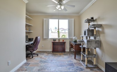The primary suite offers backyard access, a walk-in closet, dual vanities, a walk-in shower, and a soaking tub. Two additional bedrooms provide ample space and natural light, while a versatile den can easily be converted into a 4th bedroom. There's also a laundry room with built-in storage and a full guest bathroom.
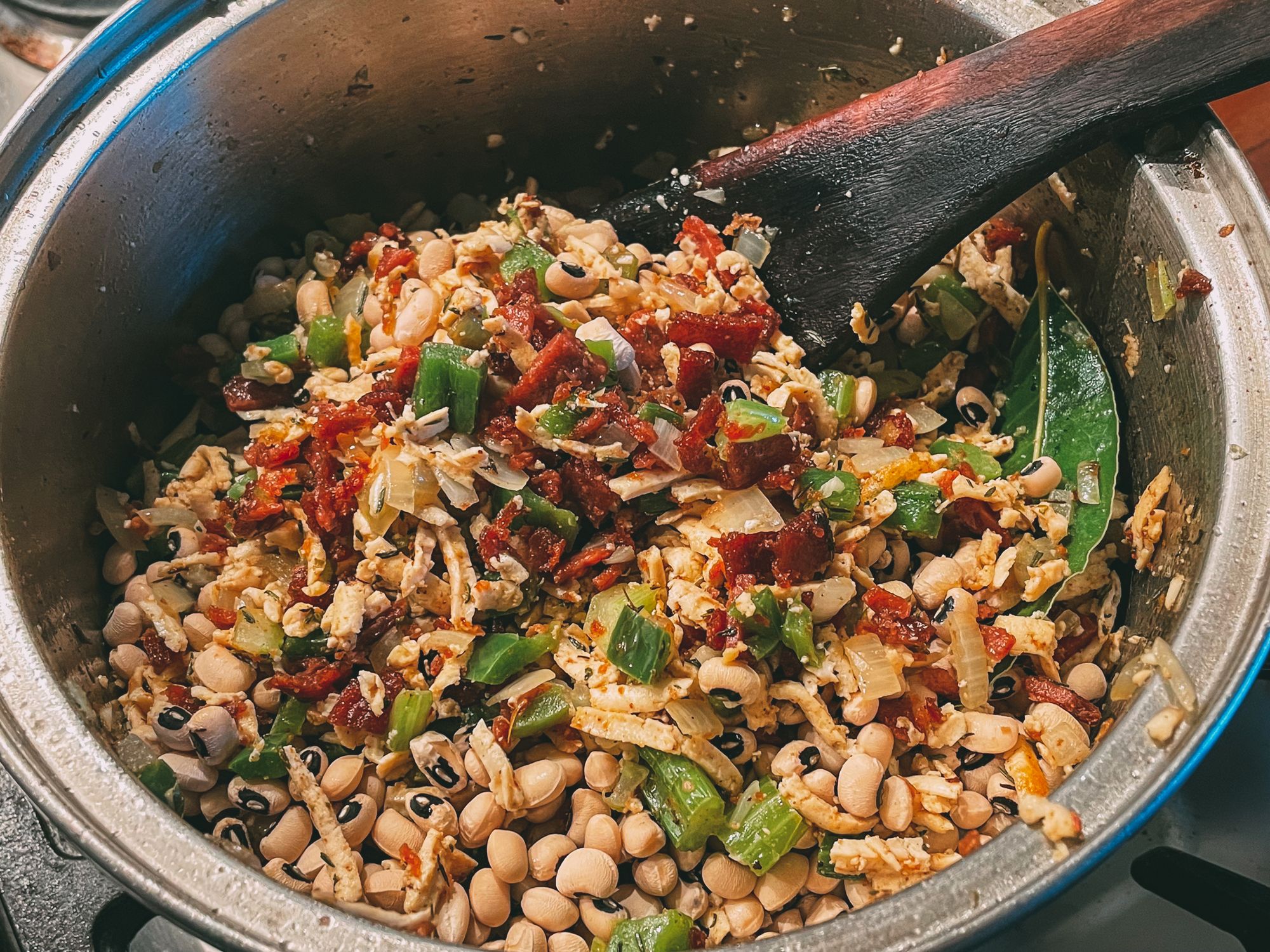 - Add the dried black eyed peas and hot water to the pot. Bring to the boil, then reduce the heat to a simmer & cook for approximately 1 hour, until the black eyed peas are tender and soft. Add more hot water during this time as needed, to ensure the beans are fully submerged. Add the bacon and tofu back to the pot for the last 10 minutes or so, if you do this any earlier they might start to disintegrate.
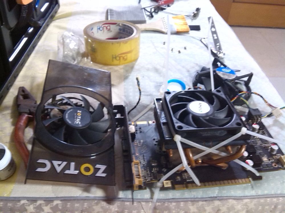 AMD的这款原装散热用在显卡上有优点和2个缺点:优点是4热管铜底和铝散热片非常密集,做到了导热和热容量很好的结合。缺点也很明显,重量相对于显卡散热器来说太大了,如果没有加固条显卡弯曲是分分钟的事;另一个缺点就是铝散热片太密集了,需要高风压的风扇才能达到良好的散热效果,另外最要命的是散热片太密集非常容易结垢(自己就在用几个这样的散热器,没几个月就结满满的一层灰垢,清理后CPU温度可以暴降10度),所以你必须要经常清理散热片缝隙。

*Description of the task*:
The whole listing, pictures excluded, should be output exactly.

*Solution for this task*:
The primary suite offers backyard access, a walk-in closet, dual vanities, a walk-in shower, and a soaking tub. Two additional bedrooms provide ample space and natural light, while a versatile den can easily be converted into a 4th bedroom. There's also a laundry room with built-in storage and a full guest bathroom.
 - Add the dried black eyed peas and hot water to the pot. Bring to the boil, then reduce the heat to a simmer & cook for approximately 1 hour, until the black eyed peas are tender and soft. Add more hot water during this time as needed, to ensure the beans are fully submerged. Add the bacon and tofu back to the pot for the last 10 minutes or so, if you do this any earlier they might start to disintegrate.
 AMD的这款原装散热用在显卡上有优点和2个缺点:优点是4热管铜底和铝散热片非常密集,做到了导热和热容量很好的结合。缺点也很明显,重量相对于显卡散热器来说太大了,如果没有加固条显卡弯曲是分分钟的事;另一个缺点就是铝散热片太密集了,需要高风压的风扇才能达到良好的散热效果,另外最要命的是散热片太密集非常容易结垢(自己就在用几个这样的散热器,没几个月就结满满的一层灰垢,清理后CPU温度可以暴降10度),所以你必须要经常清理散热片缝隙。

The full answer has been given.